> **WHAT IS REQUIRED**
Going down the listing below, print exactly each line from the one with "Sfânta Muceniță Tatiana" up to and including the one with "In a BULLISH", and skip the rest.

> **TASK INPUT**
_ _ _ _ _ _ _
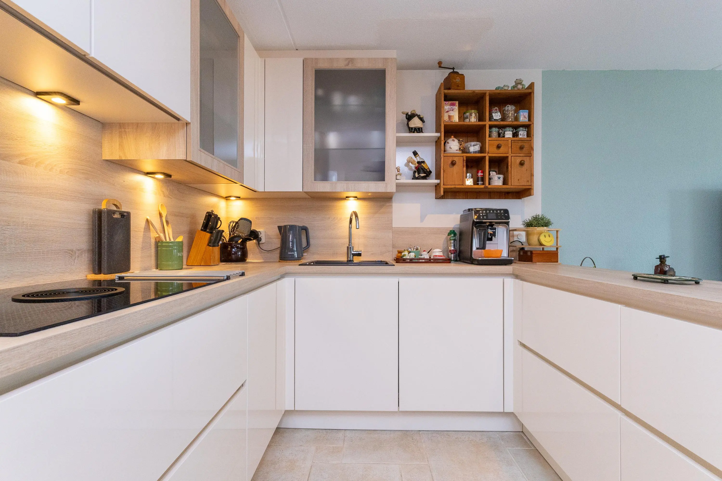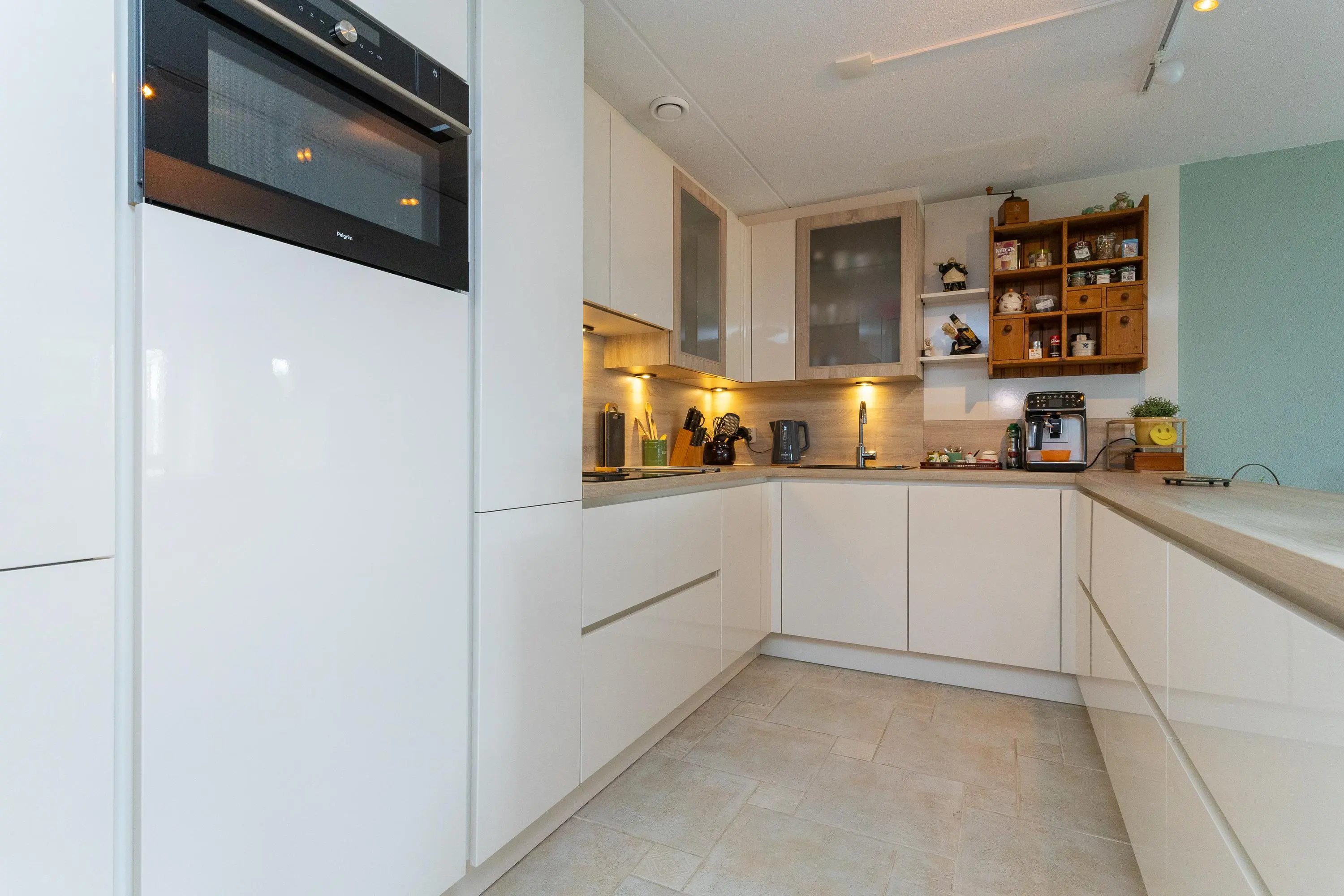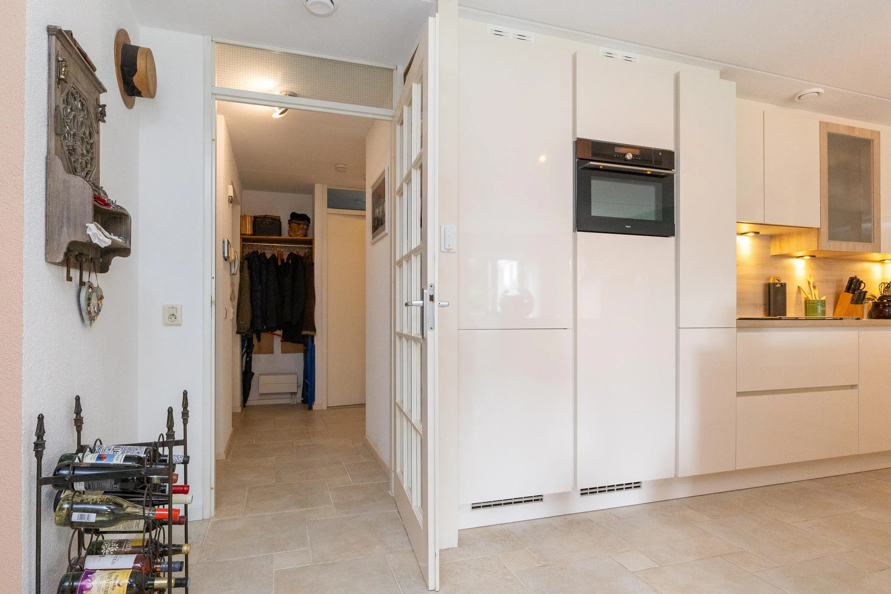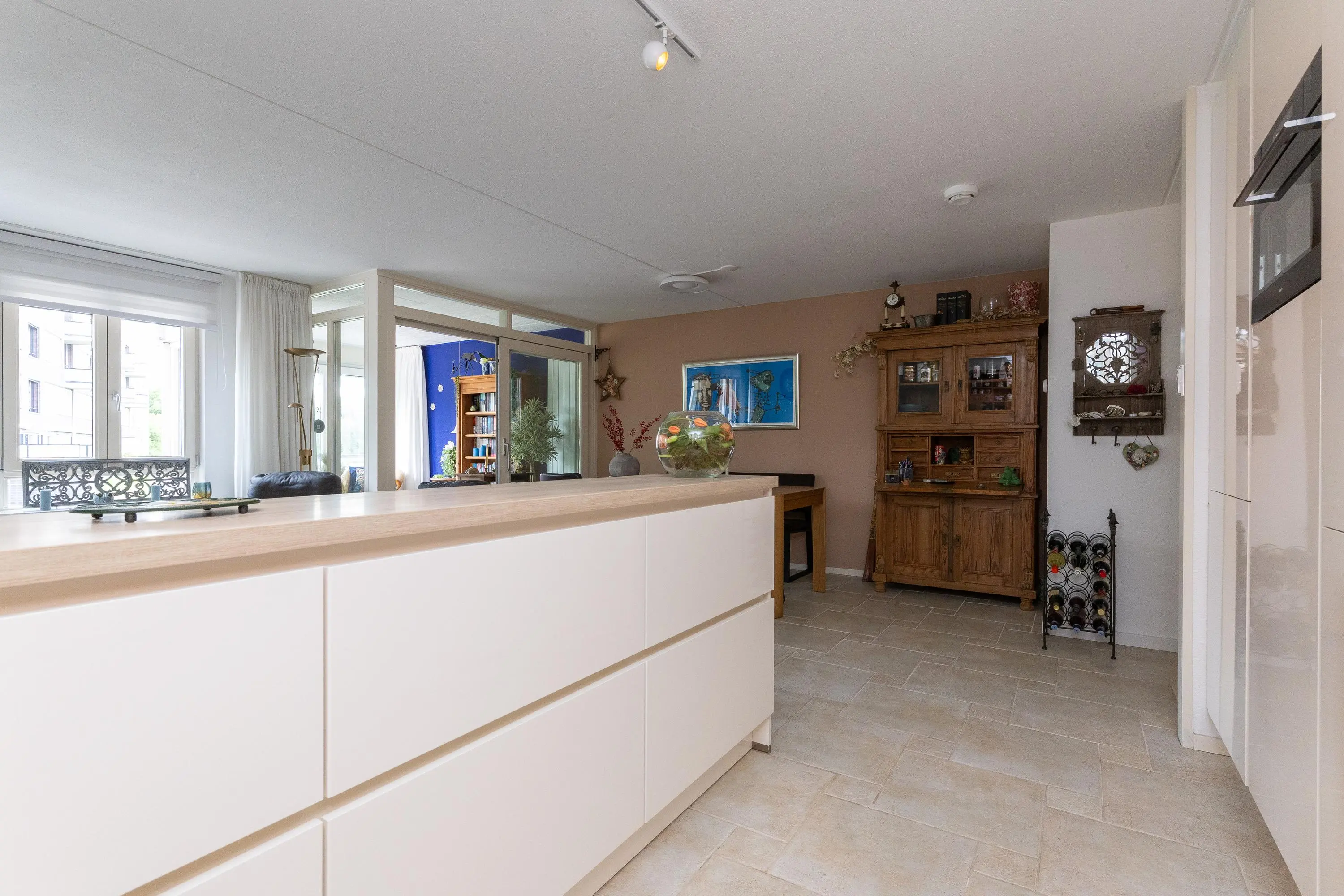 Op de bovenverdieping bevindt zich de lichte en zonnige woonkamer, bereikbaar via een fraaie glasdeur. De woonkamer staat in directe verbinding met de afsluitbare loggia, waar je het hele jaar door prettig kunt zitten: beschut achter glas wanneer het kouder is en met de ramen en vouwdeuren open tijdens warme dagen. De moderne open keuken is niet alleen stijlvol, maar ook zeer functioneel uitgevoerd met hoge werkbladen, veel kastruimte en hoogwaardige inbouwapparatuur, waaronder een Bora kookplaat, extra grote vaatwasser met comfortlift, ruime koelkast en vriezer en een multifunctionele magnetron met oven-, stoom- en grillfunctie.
_ _ _ _ _ _ _
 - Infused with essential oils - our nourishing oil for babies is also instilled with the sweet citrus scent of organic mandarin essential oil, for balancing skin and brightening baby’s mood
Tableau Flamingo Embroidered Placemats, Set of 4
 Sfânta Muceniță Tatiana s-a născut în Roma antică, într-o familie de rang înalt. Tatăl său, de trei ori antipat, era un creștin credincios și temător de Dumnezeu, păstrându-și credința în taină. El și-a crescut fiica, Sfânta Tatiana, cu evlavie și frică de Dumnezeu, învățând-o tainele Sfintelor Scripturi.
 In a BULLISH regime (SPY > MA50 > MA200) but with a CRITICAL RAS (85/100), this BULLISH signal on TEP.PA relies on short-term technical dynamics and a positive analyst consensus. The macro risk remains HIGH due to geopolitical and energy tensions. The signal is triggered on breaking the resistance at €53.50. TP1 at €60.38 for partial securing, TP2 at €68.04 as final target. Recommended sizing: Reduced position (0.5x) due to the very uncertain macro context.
_ _ _ _ _ _ _
> **THE ANSWER**
 Sfânta Muceniță Tatiana s-a născut în Roma antică, într-o familie de rang înalt. Tatăl său, de trei ori antipat, era un creștin credincios și temător de Dumnezeu, păstrându-și credința în taină. El și-a crescut fiica, Sfânta Tatiana, cu evlavie și frică de Dumnezeu, învățând-o tainele Sfintelor Scripturi.
 In a BULLISH regime (SPY > MA50 > MA200) but with a CRITICAL RAS (85/100), this BULLISH signal on TEP.PA relies on short-term technical dynamics and a positive analyst consensus. The macro risk remains HIGH due to geopolitical and energy tensions. The signal is triggered on breaking the resistance at €53.50. TP1 at €60.38 for partial securing, TP2 at €68.04 as final target. Recommended sizing: Reduced position (0.5x) due to the very uncertain macro context.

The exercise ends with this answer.